RAG Architectures extend the functionality of LLMs by providing access to relevant and specific content.

Lakera Guard Implementation

The Lakera Guard integration for RAG works similar to chat applications but with both the user and document inputs being passed as multiple inputs to Guard and screened within the same single Guard request.

For RAG setups where the reference content is pre-set or relatively static then it’s recommended to screen documents directly during the initial upload to identify poisoned documents ahead of time rather than during the user interaction. This can be done following the document integration approach outlined above.

Despite increased architectural complexity, the implementation pattern remains the same. Contained in the API request call to Lakera Guard is the user input and retrieved context. The input is evaluated in its entirety.
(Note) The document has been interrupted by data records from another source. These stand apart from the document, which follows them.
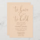 Ce faire-part de mariage de script élégant minimaliste de pêche douce peut être personnalisé avec vos informations en typographie chic avec les détails de votre site mariage et votre code QR au verso. Conçu par Thisisnotme©
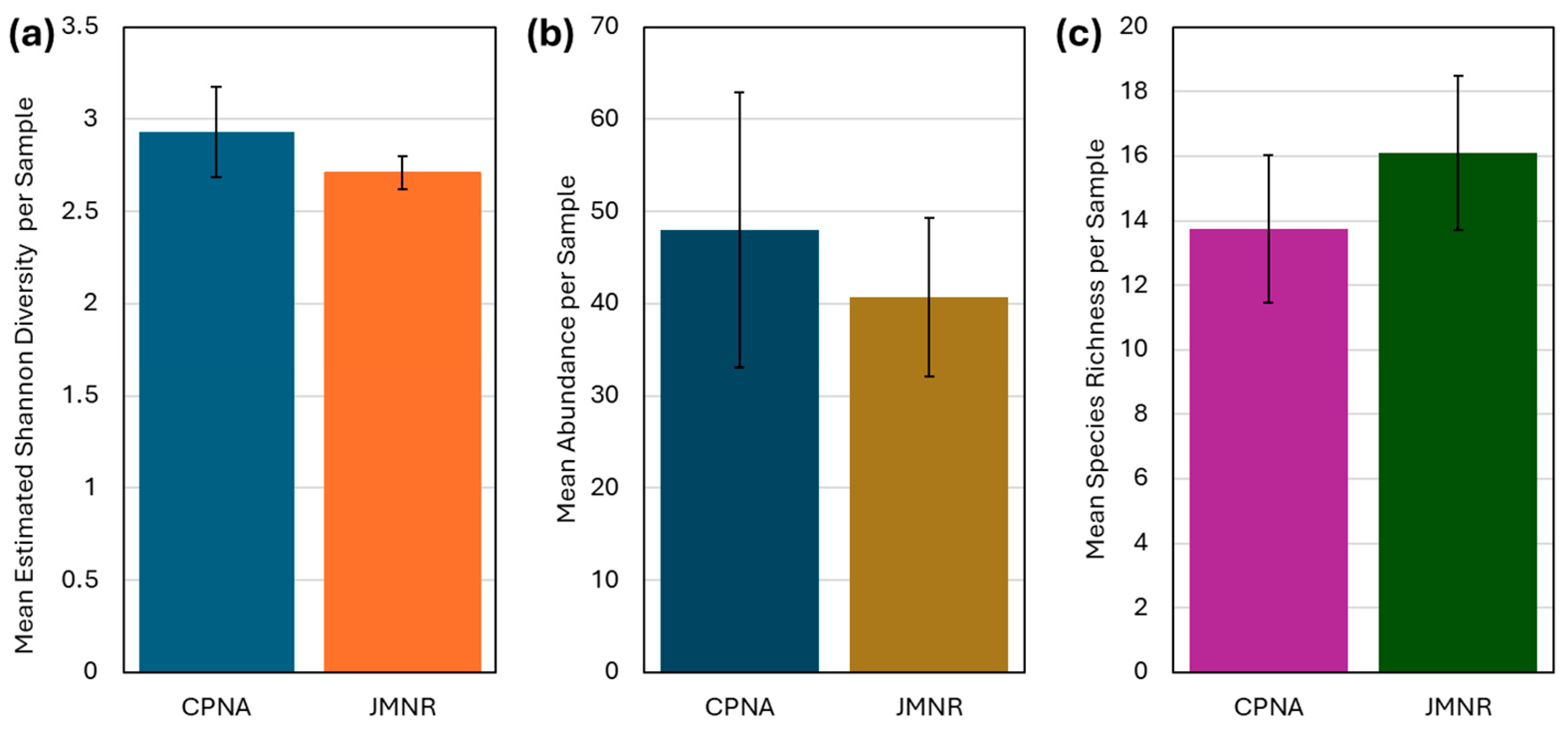 - Chao, A.; Henderson, P.A.; Chiu, C.H.; Moyes, F.; Hu, K.H.; Dornelas, M.; Magurran, A.E. Measuring Temporal Change in Alpha Diversity: A Framework Integrating Taxonomic, Phylogenetic and Functional Diversity and the iNEXT.3D Standardization. Methods Ecol. Evol. 2021, 12, 1926–1940. [Google Scholar] [CrossRef]
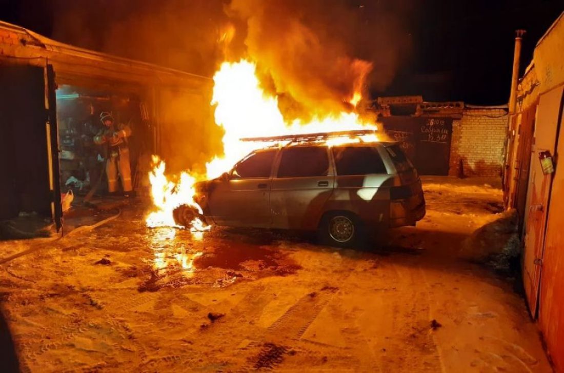 В Кузнецке рядом с гаражами вспыхнул автомобиль. Пожарные потушили огонь и обнаружили в машине человека.
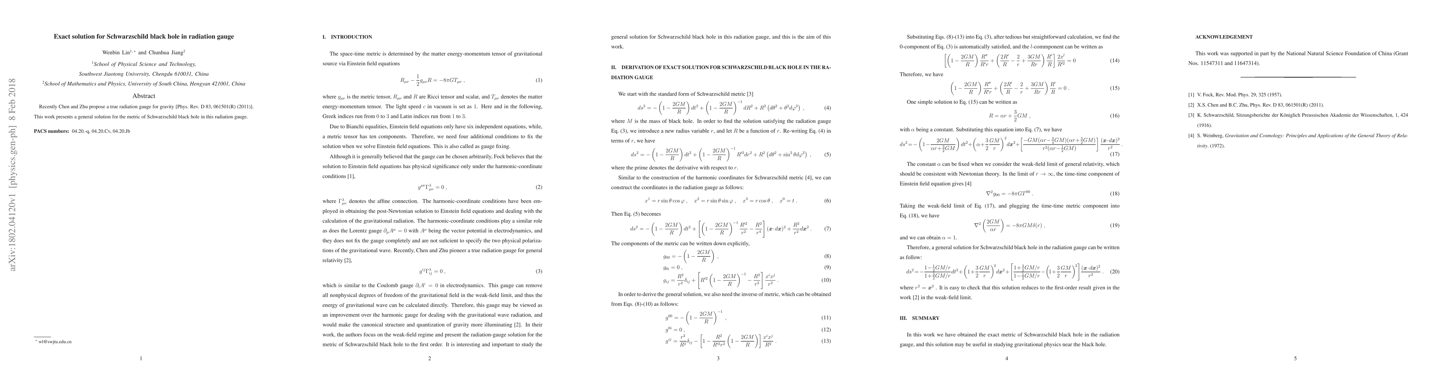 Summary: This paper provides an exact solution for the Schwarzschild black hole metric formulated in the newly proposed radiation gauge by Chen and Zhu, offering a novel perspective on gravitational fields around black holes. The solution elucidates the gauge's implications for understanding black hole spacetime.
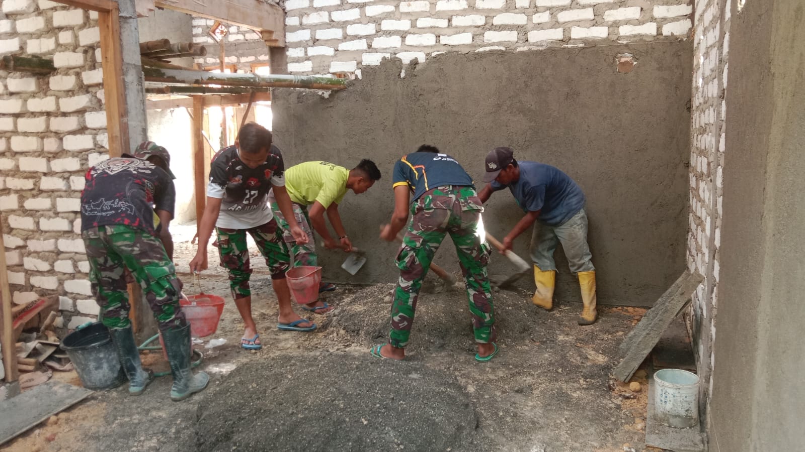 Dengan penuh semangat, para anggota Satgas TMMD dan warga bahu-membahu menyelesaikan tahapan plester dinding dalam rumah. Kegiatan ini merupakan bagian dari upaya rehabilitasi Rutilahu dalam rangka meningkatkan kualitas hunian warga kurang mampu, sekaligus memperkuat hubungan emosional antara TNI dan masyarakat.
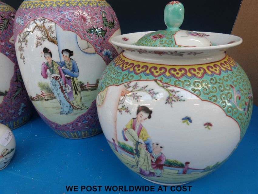 A collection of Chinese ginger jars, two cloisonné ginger jars and a vase
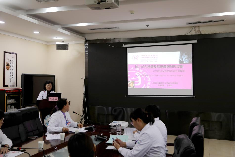 山西省儿童医院磁共振室主任孙惠苗教授详细讲解了青少年女性附件扭转的影像学诊断、胎儿MRI检查共识及常见病MRI表现;副主任医师武艳君教授解读了新生儿颅脑常见疾病MRI诊断;孝义市人民医院影像科主治医师张启寿汇报了儿童附件扭转的影像检查病例,并针对病例进行了讨论。孝义市影像界从业人员,儿科、妇产科、急诊及普外科的科室主任、骨干医师等参加培训。

RAG Architectures extend the functionality of LLMs by providing access to relevant and specific content. Despite increased complexity, the AI application can be protected by Lakera Guard with the same implementation pattern.

Sample Use Case: AI Gateway

Lakera Guard integrates seamlessly within an AI Gateway, providing a centralized access point for managing and securing AI services. This integration ensures consistent control enforcement across all AI interactions. Organizations benefit from this setup through improved efficiency, enhanced observability, and streamlined operations.

Lakera Guard fits seamlessly into a larger AI Gateway ecosystem.

Integration recommendations

We recommend following these recommendations in order to avoid common pitfalls:

1

Set up a project and assign a relevant policy

The Lakera Default Policy has our strictest flagging sensitivity so will flag anything Guard isn’t confident is safe. Use one of the Lakera recommended policies to assess Guard’s accuracy in real deployments.

2

Pass system prompts separately and correctly

A common attack vector is for users to insert malicious instructions as if they’re system instructions. Therefore in order to prevent Guard flagging your own system instructions make sure they’re passed in a separate message from LLM inputs and outputs with the message role as system.

3

Screen the original raw content from user inputs and reference documents

A common practice is to add additional system instructions or decorators to LLM inputs. Similar to the point above, in order to avoid false positives either screen the exact original input or remove any system instructions added to LLM inputs before passing to Guard as these are likely to be flagged as prompt attacks.

4

Screen for threats holistically

Lakera Guard performs best when screening interactions holistically with all appropriate guardrails applied. This means passing both LLM inputs and outputs in screening requests and using representative policies. The more context Guard has, the more accurate its threat detection will be.